From the course: Data Pipeline Automation with GitHub Actions Using R and Python
Data pipeline architecture - GitHub Tutorial
From the course: Data Pipeline Automation with GitHub Actions Using R and Python
Data pipeline architecture
- [Host] In the previous video, we reviewed the data scope and pipeline requirements. In this video, we'll review the data pipeline architecture to automate the California sub regions demand for electricity data. We'll use the following deployment. Let's now break it down into the its different components, starting with the EIA API, our source data or raw data. In the previous chapter, we reviewed how we can set and send a gate request to pull metadata and data from the API using the EI metadata and the EI backfill functions. The pipeline supporting functions will leverage those functions to extract data from the API. The second component is the data pipeline, whose main functionality is to check if new data is available in the API and refresh the data when applicable.
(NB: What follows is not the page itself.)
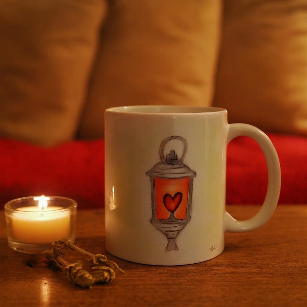 Χειροποίητη κεραμική κούπα με ζωγραφισμένο φανάρι σε στυλ watercolor και μια καρδιά που λάμπει στο κέντρο – σύμβολο αγάπης και φωτός. Στην άλλη πλευρά μπορείτε να προσθέσετε τη δική σας αφιέρωση, όνομα, ημερομηνία ή μια αγαπημένη φράση, δημιουργώντας ένα μοναδικό, προσωπικό δώρο. Ιδανικό για επέτειο, γάμο, του Αγίου Βαλεντίνου ή για μια τρυφερή καθημερινή στιγμή.

In addition, this function also collect metadata on each steps enabling us to monitor the health of the data pipeline. The process is deployed on GitHub actions and we'll dive into more details about the deployment in the next chapter. In the local environment, we have the backfill function. The goal of this function is to restart the pipeline whenever needed and backfill all this local data. Typically, it is a good practice to separate the backfill process from the refresh process as the initial data pool of this local data might be heavy and require more computing resources then available on the scheduler. In this case, GitHub actions. Last but not least is the data visualization component will deploy a simple dashboard on GitHub pages that will enable us to view the data and track the logs. Once the data pipeline finishes updating the data with the new data points, GitHub actions will update the dashboard with the new data. We'll focus on this component in chapter four of this course. Throughout the rest of this chapter, we'll focus on the data refresh and backfill functions.